• SUPPLIED ENTRIES:
+ + + + +
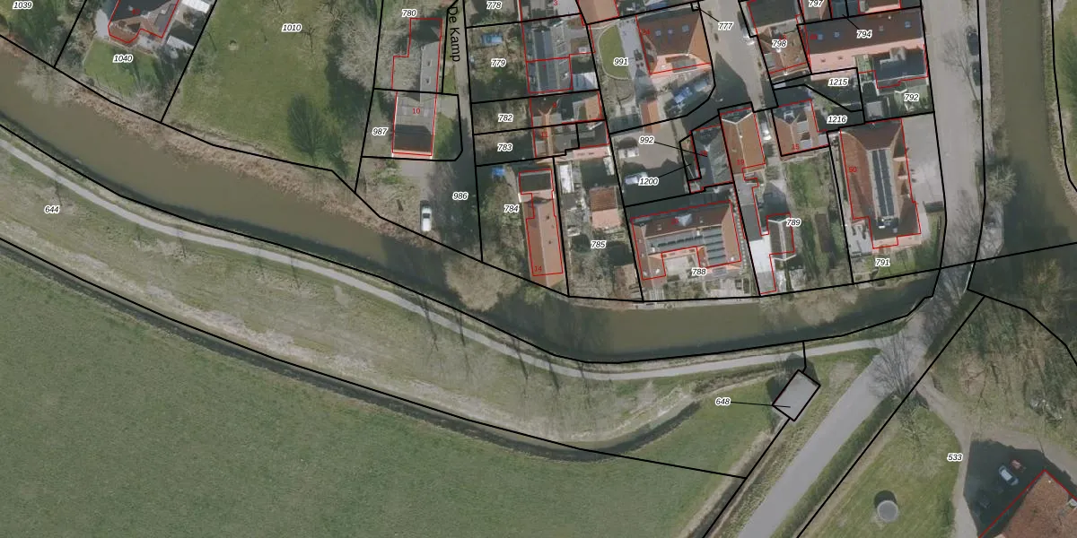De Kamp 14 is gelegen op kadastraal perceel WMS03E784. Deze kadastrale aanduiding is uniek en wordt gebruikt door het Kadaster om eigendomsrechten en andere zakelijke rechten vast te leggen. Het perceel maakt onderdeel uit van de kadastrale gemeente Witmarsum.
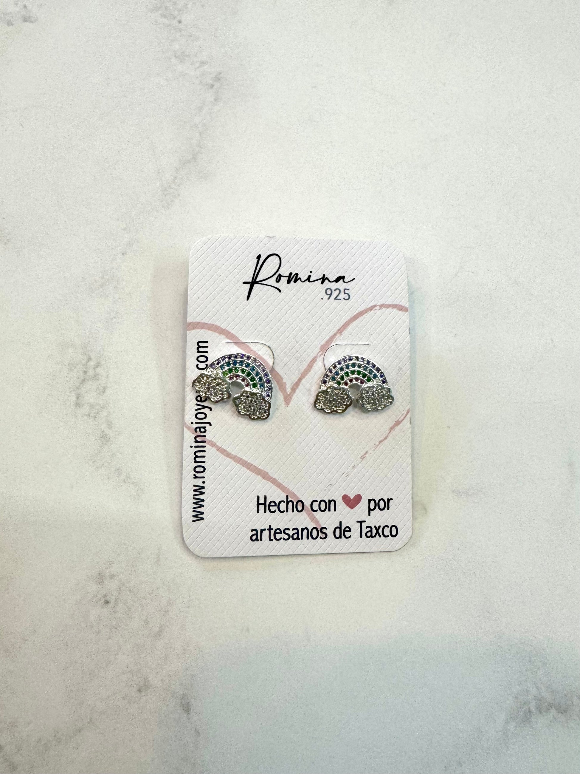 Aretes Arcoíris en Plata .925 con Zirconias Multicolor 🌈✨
+ + + + +
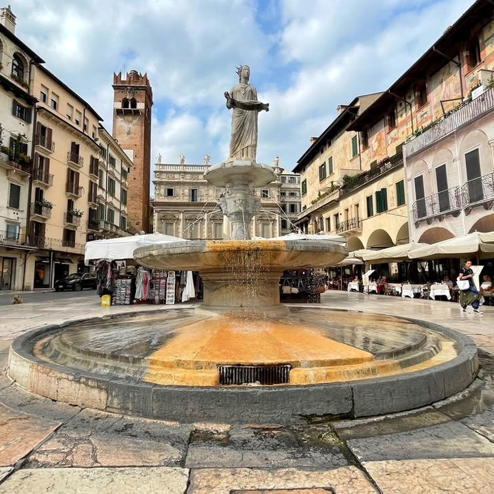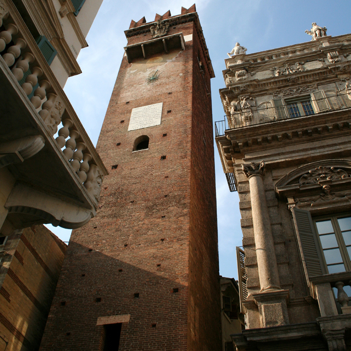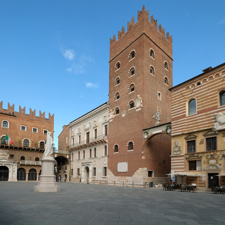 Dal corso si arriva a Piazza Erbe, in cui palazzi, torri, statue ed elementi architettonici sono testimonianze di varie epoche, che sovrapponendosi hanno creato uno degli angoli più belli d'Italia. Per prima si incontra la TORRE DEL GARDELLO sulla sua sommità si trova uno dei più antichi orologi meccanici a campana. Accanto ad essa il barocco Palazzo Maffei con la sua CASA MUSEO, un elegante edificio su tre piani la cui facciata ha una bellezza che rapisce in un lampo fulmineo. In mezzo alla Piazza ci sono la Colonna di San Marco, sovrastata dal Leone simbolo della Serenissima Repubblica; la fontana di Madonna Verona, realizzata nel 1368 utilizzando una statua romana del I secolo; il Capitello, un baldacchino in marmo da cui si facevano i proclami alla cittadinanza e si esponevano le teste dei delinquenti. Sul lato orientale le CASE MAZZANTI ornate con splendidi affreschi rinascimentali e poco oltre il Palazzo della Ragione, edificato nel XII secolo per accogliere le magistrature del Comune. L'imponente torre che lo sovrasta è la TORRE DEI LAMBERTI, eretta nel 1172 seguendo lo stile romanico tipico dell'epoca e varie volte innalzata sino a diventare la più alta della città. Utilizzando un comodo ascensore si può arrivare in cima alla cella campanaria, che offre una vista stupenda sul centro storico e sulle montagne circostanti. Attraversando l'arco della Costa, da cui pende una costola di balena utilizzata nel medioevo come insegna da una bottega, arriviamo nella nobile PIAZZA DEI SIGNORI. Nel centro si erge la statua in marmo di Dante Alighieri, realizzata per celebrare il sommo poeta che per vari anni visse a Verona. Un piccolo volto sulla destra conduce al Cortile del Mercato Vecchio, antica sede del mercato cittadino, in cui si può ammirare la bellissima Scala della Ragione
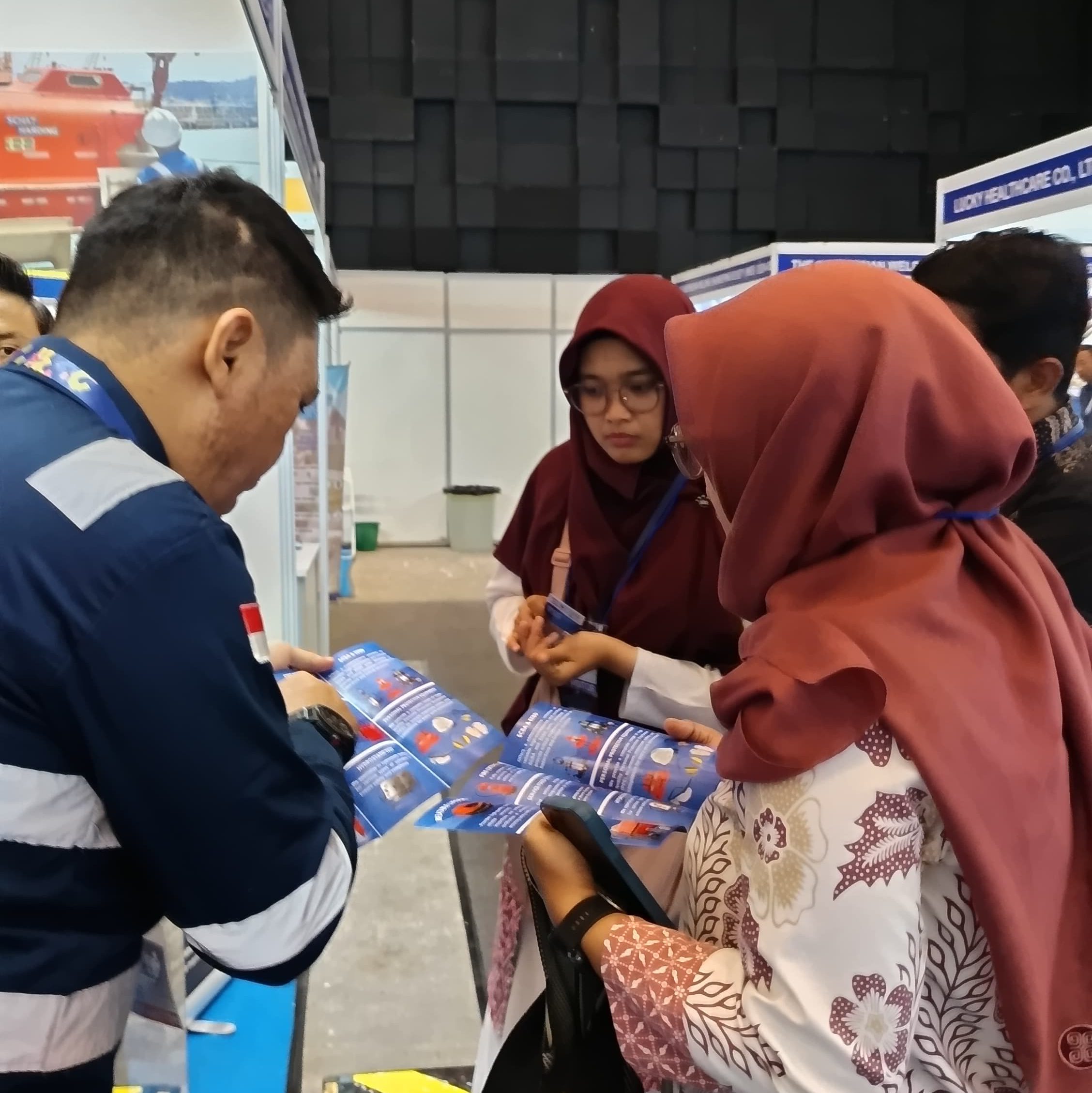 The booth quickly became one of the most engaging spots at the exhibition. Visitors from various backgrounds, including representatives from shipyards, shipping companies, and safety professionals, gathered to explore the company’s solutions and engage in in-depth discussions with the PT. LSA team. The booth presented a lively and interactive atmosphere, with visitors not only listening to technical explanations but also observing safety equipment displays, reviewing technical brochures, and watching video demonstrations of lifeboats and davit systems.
+ + + + +
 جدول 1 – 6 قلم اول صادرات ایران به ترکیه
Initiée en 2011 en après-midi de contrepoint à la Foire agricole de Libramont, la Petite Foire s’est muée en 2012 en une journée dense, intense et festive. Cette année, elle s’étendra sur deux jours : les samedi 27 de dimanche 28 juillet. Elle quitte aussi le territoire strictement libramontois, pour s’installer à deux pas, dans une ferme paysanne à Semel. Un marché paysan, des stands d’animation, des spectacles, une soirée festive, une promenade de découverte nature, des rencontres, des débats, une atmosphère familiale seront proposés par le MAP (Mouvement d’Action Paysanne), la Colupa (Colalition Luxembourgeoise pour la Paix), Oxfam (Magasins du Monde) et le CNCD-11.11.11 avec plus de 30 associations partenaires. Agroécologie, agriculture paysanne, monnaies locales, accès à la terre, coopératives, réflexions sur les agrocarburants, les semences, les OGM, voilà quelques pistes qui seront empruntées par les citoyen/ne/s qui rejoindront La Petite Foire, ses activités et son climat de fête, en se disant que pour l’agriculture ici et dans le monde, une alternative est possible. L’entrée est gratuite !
+ + + + +
• WORK INSTRUCTION: Return exactly the part of the listing above that opens with the line containing "De Kamp 14 is" and closes with the line containing "Aretes Arcoíris en". Pictures stay out.

• ANSWER TO THIS EXERCISE:
De Kamp 14 is gelegen op kadastraal perceel WMS03E784. Deze kadastrale aanduiding is uniek en wordt gebruikt door het Kadaster om eigendomsrechten en andere zakelijke rechten vast te leggen. Het perceel maakt onderdeel uit van de kadastrale gemeente Witmarsum.
 Aretes Arcoíris en Plata .925 con Zirconias Multicolor 🌈✨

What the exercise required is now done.